Y otra perla es la que nos presenta Elton John este año: “Madman across the water”, su cuarto disco. En él queda muy equilibrada la herencia mélodica europea -especialmente en la cara A- con las influencias americanas, más notables en la otra pero sin llegar al tono de “Tumbleweed connection”, su obra anterior, lo cual significa que Elton ya tiene un carácter propio. Como siempre, hay un buen lote de músicos participantes, aunque ya habíamos visto el año pasado que Nigel Olsson quedaba fijo como batería oficial para las giras, y a ese nombre añadimos ahora al guitarrista Davey Johnstone (dentro de poco tendremos un cuarteto fijo para mucho tiempo). Pero a lo que íbamos: ya con “Tiny dancer”, la canción que abre el disco, hay que quitarse el sombrero.
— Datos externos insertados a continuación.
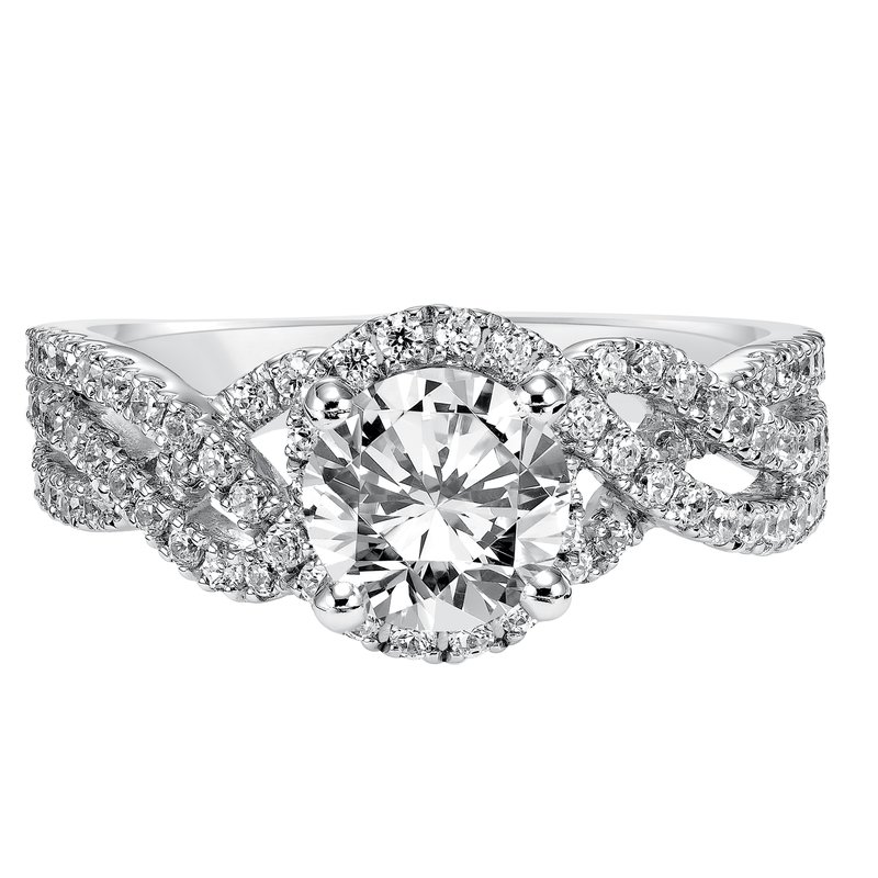 Shimmer and sparkle with this modern woven free form engagement ring featuring prong set diamonds gracing the band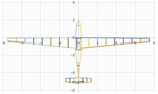 The next step is to match the geometrical parameters to the aerodynamic requirements. Each element—wing, vertical and horizontal stabiliser, etc.—is divided into segments. The segments are characterised by cross-sections and then linearly interpolated. The number of segments for the wing is equal to the number of ribs, which can be up to 20 segments. For each segment, all geometrical data are calculated, e.g., chord, angle of attack, and cross-section surface area. To obtain some geometry-related parameters, differential equations are solved using substitution, with accuracy up to 0.001 mm in the case of caisson radii. Then, the points that define the outline are positioned in space. For each section, aerodynamic properties and forces are calculated using the methodology described in [25]—the parameters are calculated analytically for each segment using the aerofoil database, requested flight parameters, and introduced geometry and then subsequently added. The spreadsheets automatically recalculate the parameters when the input changes.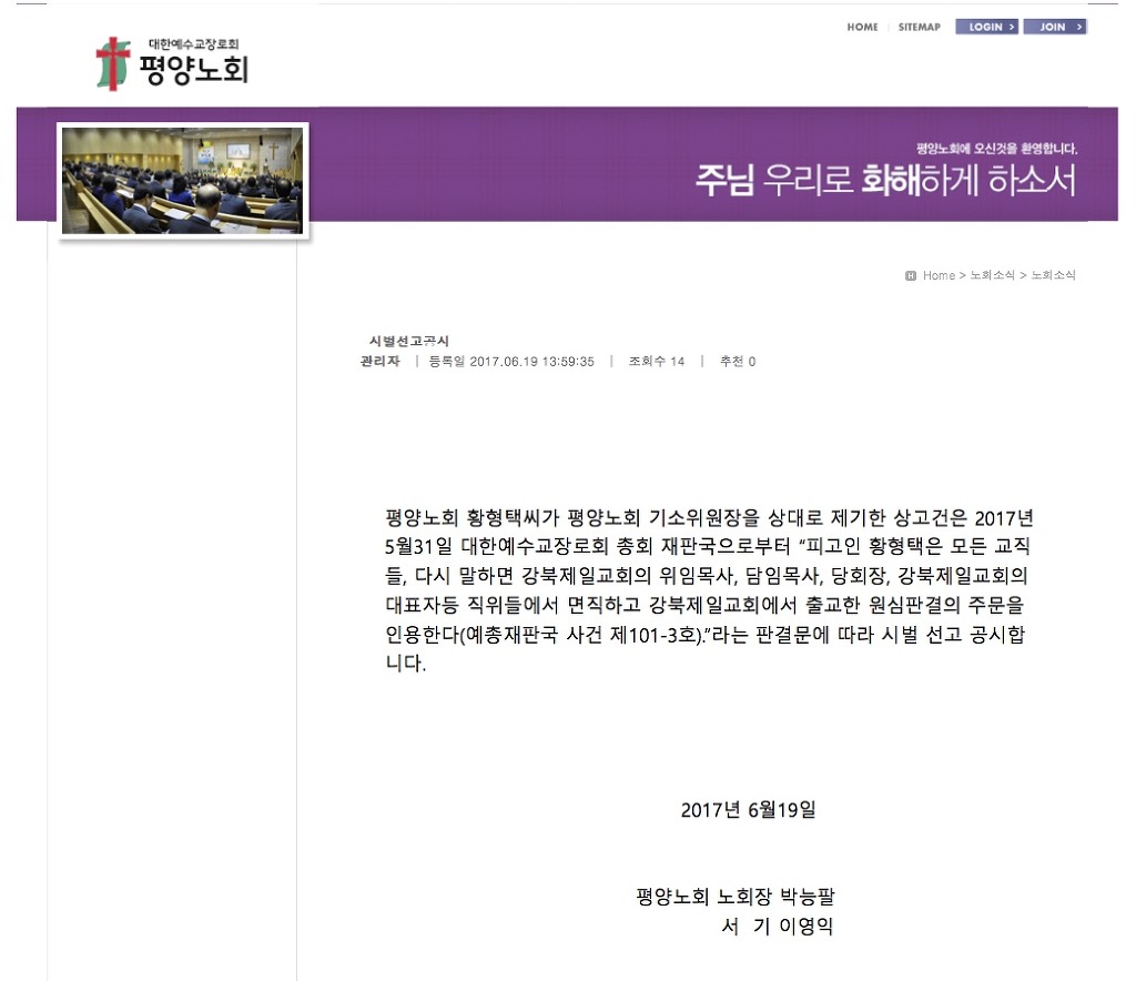 평양노회 황형택씨가 평양노회 기소위원장을 상대로 제기한 상고건은 2017년 5월 31일 대한예수교장로회 총회 재판국으로부터 "피고인 황형택은 모든 교직들, 다시 말하면 강북제일교회 위임목사, 담임목사, 당회장, 강북제일교회의 대표자등 직위들에서 면직하고 강북제일교회에서 출교한 원심판결의 주문을 인용한다(예총재판국 사건 제101-3호)." 라는 편결문에 따라 시벌 선고 공시합니다.

Es una de esas canciones que solo pueden crearse en estado de gracia, con su exquisita línea de piano inicial, su desarrollo orquestal, los inesperados cambios de escalas vocales… hasta esa guitarra steel queda bien, aunque parezca extraño un sonido tan americano en una pieza tan europea. Y a continuación nos encontramos con “Levon”, que no tiene nada que envidiarle (esta y la anterior fueron las dos caras A de los singles extraidos del disco): corre la leyenda de que fue dedicada a Levon Helm, batería y uno de los miembros fundadores de The Band, aunque la letra no lo sugiere (algunas letras de Bernie resultan casi incomprensibles); y la música podría recordar vagamente a ese grupo, pero de nuevo tenemos una estructura similar a la de “Tiny dancer”: otra delicia llevada en este caso por los compases arrebatadores de los violines y un tono casi airado de la voz en algunos pasajes. Estas dos canciones ya serían suficientes para reivindicar el disco, pero también sobresalen piezas como “Razor face”, la más americana de la cara A (sí, recuerda a The Band). Esa sensación se mantiene en “Holiday Inn”, con unos coros magníficos y deliciosos arreglos de cuerdas; y en general toda la cara B, que de todos modos sigue manteniendo las diferencias gracias a unos arreglos orquestales soberbios. 

En resumen estamos ante un disco exquisito, aunque no haya sido de los más populares de Elton porque, como suele suceder con las obras muy trabajadas, exige dedicación por parte del oyente: aquí no hay éxitos inmediatos, y su densidad puede resultar excesiva para el cliente poppie o el rockero machote. Sin embargo, y aunque en su época tuvo unas ventas poco más que regulares, el paso del tiempo lo ha reivindicado (como a toda su obra de los primeros años, por otra parte). Hay algunas similitudes de carácter con el “Hunky dory”de Bowie: son dos discos casi intimistas, de tono medio, poéticos, y resulta curioso que dos personajes tan relacionados con el naciente glam presenten unas obras tan distantes de aquel sonido. Nos hacen dudar de si había algo más que una pose en ellos, si no sería que aprovecharon únicamente la estética del momento para consolidarse: con todo el cariño que le tengo a ese “subgénero”, he de reconocer que tanto David como Elton están muy por encima de la media. 

Bueno, pues el próximo día seguiremos con otros dos personajes no tan glamurosos -aunque el criterio sobre lo que pueda ser el glamour es muy discutible- pero igual de respetados en este local: a su modo, también son estrellas.